- Instructions to follow -
Beneath this line are the data; copy exactly the part of them that opens with the line containing "27 in. Counter" and closes with the line containing "2 SKİN 82 LEVEL + LOL HESAPI BULUNMAKTA", and only that part.

- Exercise input -
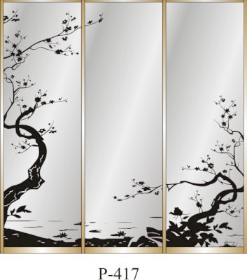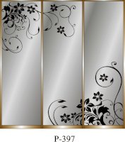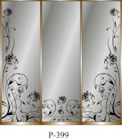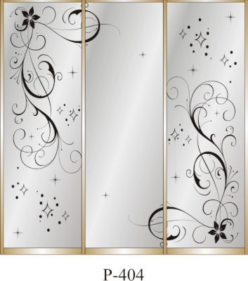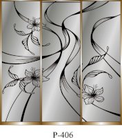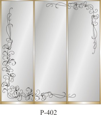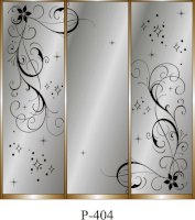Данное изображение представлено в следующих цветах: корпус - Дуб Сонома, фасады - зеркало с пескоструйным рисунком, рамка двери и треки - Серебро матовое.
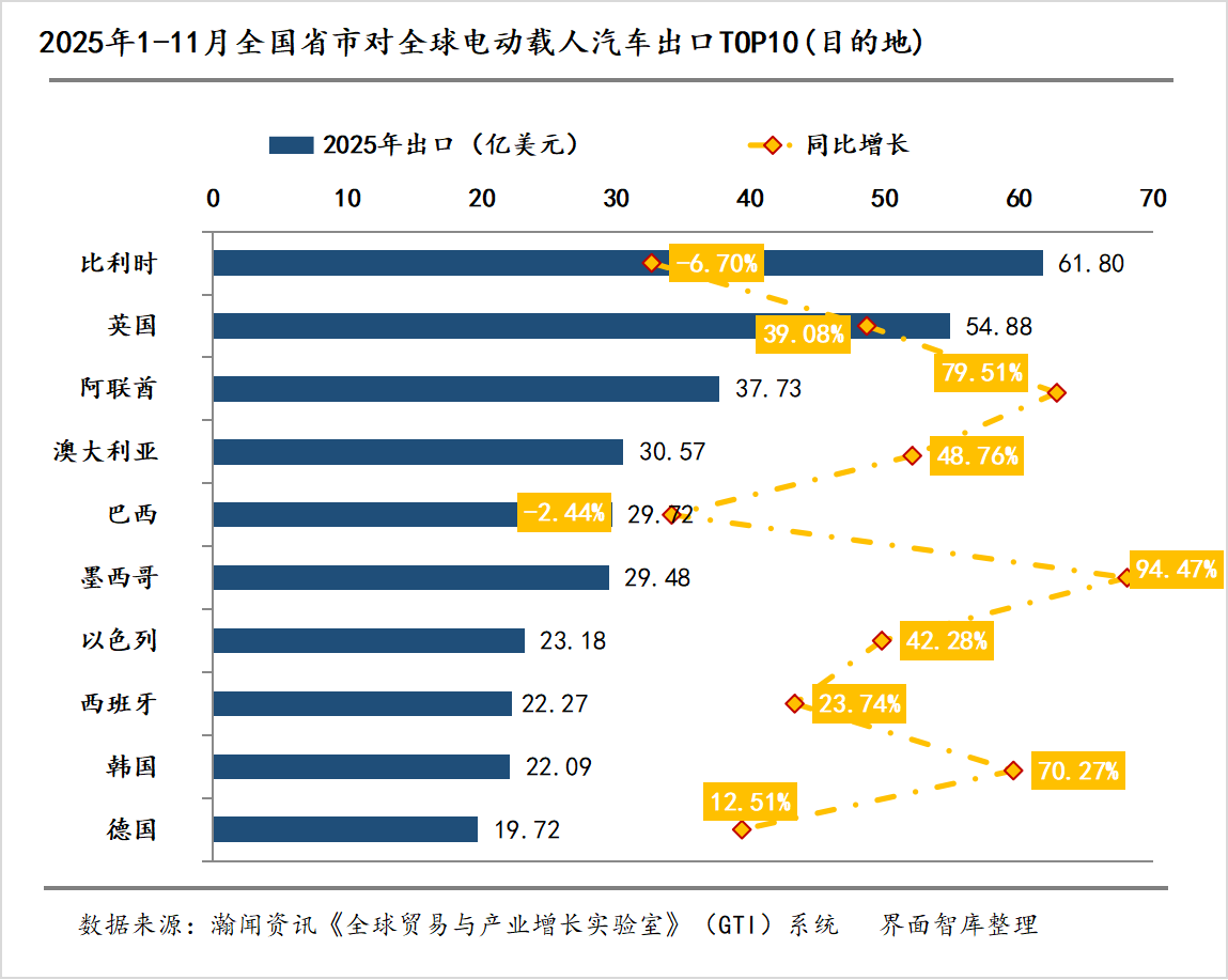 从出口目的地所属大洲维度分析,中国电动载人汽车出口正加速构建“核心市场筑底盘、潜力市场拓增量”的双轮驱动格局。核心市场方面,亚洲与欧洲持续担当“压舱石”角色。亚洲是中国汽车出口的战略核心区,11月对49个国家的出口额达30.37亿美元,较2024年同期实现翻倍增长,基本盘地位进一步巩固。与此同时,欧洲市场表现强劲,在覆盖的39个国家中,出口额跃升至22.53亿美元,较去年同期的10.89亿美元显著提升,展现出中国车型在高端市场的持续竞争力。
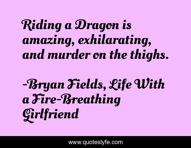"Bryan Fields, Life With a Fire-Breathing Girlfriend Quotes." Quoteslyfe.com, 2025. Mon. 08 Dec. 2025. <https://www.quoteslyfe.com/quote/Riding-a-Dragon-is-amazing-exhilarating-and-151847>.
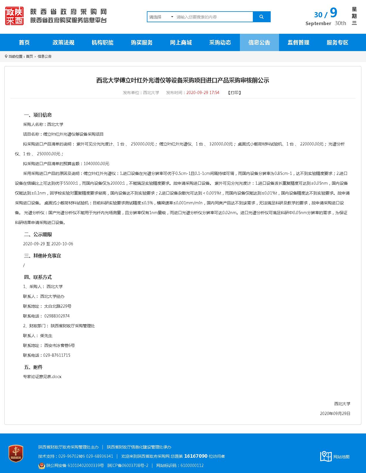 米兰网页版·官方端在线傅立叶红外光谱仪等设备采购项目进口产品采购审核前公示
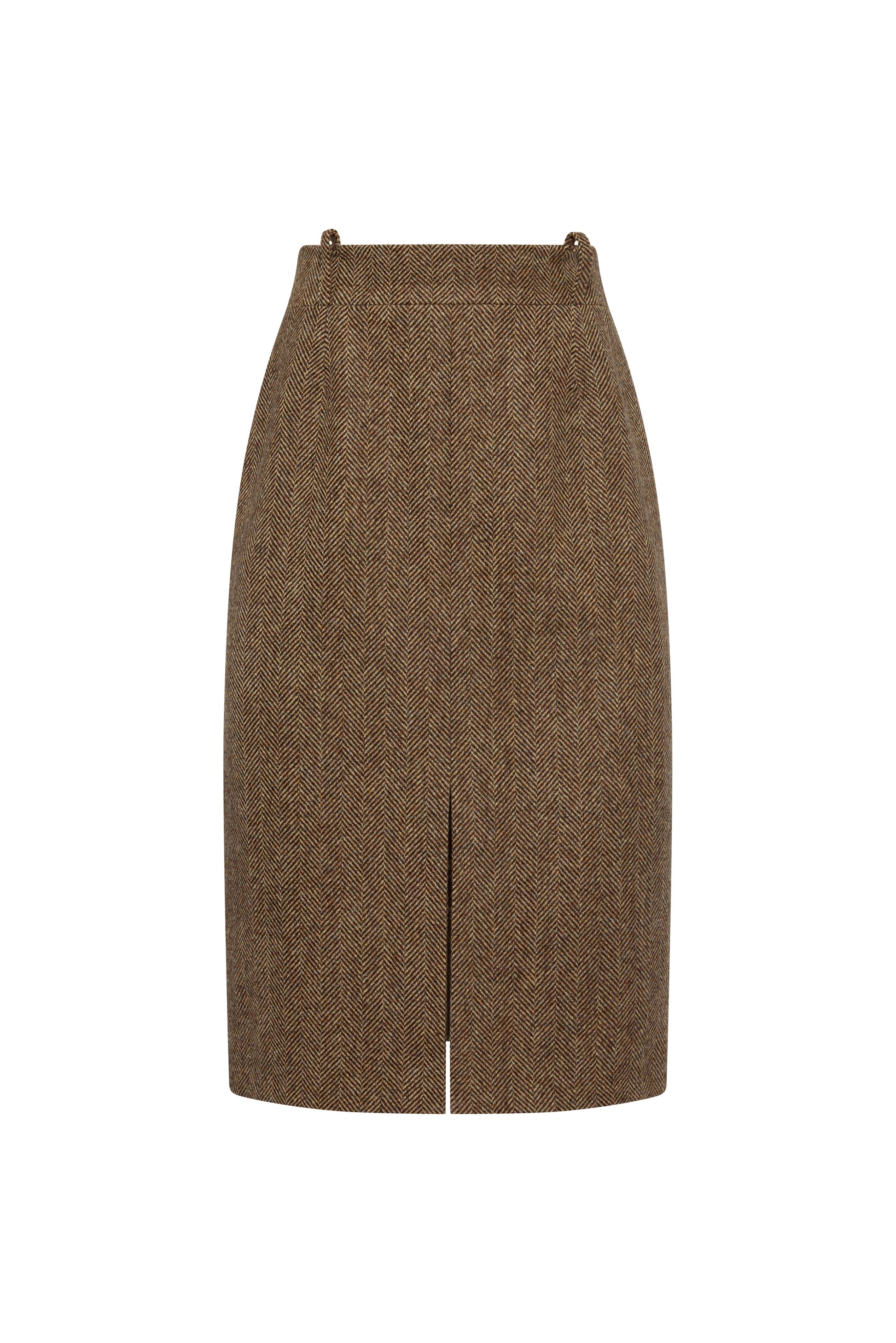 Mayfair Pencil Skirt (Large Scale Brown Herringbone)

--

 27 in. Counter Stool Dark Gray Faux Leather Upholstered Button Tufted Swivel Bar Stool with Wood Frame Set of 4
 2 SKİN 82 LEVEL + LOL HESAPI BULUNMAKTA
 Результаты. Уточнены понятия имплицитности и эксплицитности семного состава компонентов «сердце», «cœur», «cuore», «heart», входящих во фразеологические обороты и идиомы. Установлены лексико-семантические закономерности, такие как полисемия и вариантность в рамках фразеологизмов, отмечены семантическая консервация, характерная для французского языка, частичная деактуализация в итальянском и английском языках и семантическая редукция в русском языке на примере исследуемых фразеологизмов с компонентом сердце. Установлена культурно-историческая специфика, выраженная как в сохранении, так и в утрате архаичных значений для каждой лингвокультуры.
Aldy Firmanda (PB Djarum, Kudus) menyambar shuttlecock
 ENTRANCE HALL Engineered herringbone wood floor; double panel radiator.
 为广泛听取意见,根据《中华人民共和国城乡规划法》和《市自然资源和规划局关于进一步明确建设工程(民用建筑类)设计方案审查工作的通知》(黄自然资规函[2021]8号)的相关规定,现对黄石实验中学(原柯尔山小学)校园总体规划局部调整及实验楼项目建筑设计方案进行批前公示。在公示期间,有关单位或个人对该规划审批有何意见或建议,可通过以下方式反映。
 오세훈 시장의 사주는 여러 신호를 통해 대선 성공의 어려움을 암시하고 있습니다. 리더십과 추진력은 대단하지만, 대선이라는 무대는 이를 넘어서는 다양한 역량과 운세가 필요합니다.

...

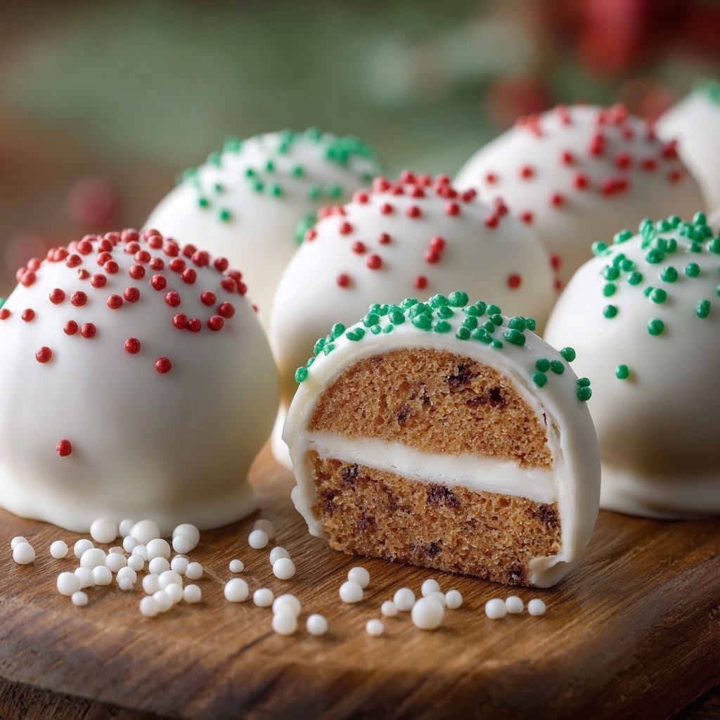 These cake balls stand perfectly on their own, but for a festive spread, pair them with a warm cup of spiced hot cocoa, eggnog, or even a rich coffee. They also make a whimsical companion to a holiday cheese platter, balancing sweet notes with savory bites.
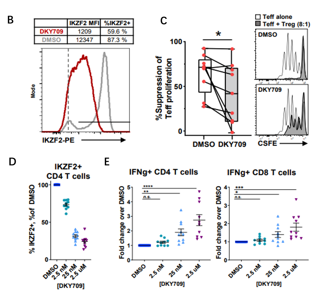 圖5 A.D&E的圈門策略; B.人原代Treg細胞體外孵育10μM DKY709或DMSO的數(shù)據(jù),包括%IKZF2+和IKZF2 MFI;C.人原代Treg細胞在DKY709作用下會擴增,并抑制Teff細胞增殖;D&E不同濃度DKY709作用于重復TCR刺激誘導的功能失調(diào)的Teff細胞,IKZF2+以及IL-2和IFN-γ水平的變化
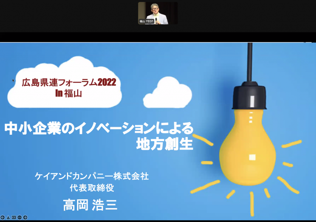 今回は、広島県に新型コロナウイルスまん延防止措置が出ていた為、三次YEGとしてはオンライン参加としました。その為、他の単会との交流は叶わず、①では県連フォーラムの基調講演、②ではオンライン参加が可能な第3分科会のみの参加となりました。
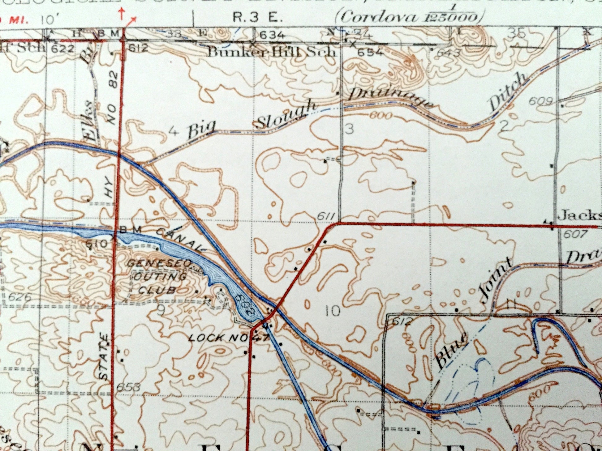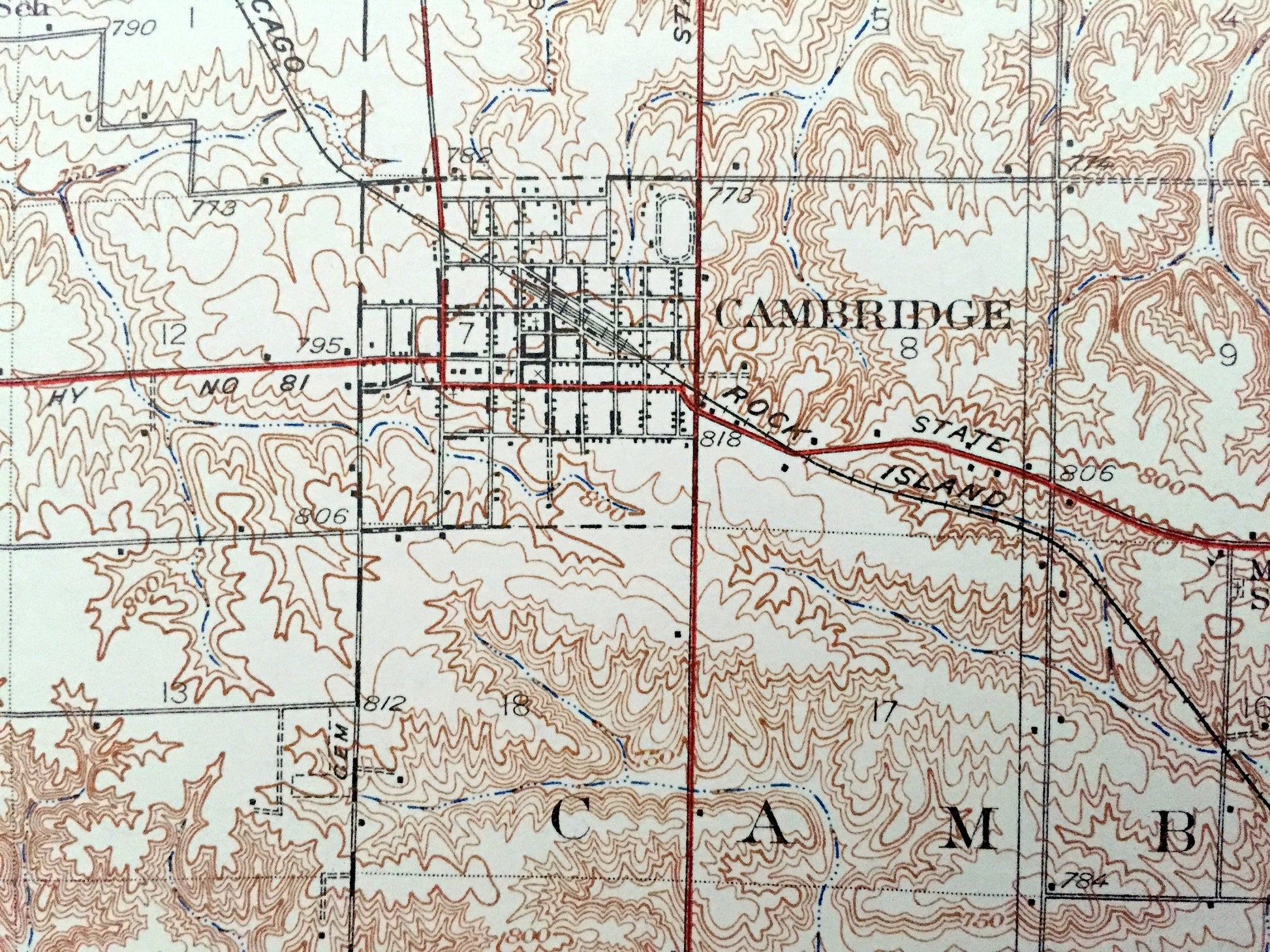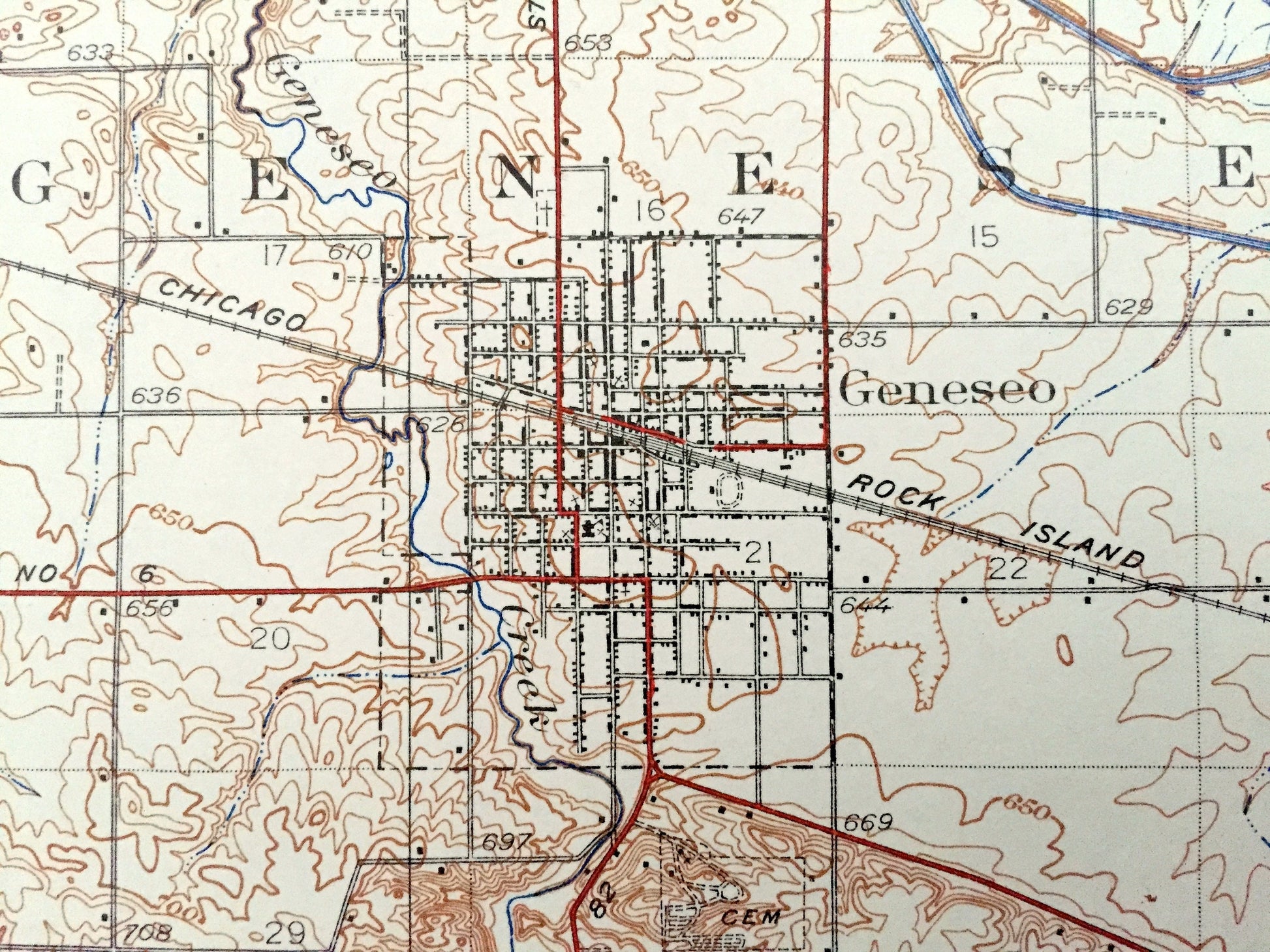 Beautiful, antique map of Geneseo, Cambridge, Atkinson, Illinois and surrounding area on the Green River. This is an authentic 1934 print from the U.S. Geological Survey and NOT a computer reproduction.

- Exercise solution -
 27 in. Counter Stool Dark Gray Faux Leather Upholstered Button Tufted Swivel Bar Stool with Wood Frame Set of 4
 2 SKİN 82 LEVEL + LOL HESAPI BULUNMAKTA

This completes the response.